Quatrième de couverture:
Lydia Lee, seize ans, est morte. Mais sa famille l’ignore encore… Sa mère, Marylin, femme au foyer, rêve que sa fille fasse les études de médecine qu’elle n’a pas pu accomplir. Son père, James, professeur d’université d’origine chinoise, a tant souffert de sa différence qu’il a hâte de la retrouver parfaitement intégrée sur le campus. Mais le corps de Lydia gît au fond d’un lac. Accident, meurtre ou suicide ? Lorsque l’adolescente est retrouvée, la famille Lee, en apparence si soudée, va devoir affronter ses secrets les mieux gardés.

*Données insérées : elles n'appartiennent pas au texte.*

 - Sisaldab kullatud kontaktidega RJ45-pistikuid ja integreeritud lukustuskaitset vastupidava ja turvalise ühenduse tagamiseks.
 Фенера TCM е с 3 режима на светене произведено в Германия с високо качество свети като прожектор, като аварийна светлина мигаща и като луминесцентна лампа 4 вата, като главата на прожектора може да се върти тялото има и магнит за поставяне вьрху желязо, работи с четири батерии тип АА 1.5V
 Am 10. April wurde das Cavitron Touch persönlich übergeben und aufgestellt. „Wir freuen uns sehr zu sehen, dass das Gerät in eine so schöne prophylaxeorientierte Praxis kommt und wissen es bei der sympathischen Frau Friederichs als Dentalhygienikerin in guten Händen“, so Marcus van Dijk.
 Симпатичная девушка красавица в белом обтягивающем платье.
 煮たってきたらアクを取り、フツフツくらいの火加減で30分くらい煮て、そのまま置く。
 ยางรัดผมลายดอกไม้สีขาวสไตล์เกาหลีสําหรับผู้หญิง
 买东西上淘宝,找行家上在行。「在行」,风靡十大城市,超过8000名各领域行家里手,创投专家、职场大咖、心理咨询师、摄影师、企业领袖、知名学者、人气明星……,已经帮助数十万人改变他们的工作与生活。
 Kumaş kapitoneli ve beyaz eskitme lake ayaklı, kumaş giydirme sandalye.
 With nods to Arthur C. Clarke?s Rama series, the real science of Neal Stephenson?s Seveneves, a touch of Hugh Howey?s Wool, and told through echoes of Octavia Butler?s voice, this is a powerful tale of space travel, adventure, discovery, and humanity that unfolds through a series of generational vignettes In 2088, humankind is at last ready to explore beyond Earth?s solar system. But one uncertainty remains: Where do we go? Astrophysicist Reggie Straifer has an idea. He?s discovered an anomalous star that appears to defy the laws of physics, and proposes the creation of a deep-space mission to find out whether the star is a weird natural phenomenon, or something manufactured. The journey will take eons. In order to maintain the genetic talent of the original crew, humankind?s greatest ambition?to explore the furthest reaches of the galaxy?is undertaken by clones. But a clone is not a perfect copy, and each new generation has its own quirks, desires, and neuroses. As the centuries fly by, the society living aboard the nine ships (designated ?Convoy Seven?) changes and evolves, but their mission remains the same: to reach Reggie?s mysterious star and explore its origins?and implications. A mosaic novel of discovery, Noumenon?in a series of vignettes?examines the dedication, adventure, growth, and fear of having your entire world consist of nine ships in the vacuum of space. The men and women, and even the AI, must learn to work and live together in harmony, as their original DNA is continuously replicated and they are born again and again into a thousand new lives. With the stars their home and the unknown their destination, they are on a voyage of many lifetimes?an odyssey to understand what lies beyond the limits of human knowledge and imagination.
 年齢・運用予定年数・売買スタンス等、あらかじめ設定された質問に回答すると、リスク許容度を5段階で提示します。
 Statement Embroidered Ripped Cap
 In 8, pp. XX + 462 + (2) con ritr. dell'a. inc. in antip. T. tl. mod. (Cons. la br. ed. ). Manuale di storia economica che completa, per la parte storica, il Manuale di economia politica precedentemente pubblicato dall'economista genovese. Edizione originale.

Des secrets si longtemps enfouis qu’au fil du temps ils ont imperceptiblement éloigné ses membres, creusant des failles qui ne pourront sans doute jamais être comblées.
Bien sûr, "Tout ce qu’on ne s’est jamais dit" distille un suspense d’une rare efficacité. Mais ce livre qu’on garde en soi très longtemps est bien plus que cela. Celeste Ng aborde la violence de la dynamique familiale, les difficultés de communication, le malaise adolescent, avec une intensité exceptionnelle qui évoque l’univers de Laura Kasischke. En distinguant cette œuvre envoûtante comme l’un des meilleurs romans de l’année, les critiques anglo-saxons ont salué la naissance d’un écrivain majeur et fait le succès du livre, vendu à plus d’un million d’exemplaires.
Sonatine Editions - 2016 - 320 pages
Prix Relay des Voyageurs 2016
Prix Relay des Voyageurs 2016
coup de coeur pour moi aussi ! et une lecture parfaite pour l'été!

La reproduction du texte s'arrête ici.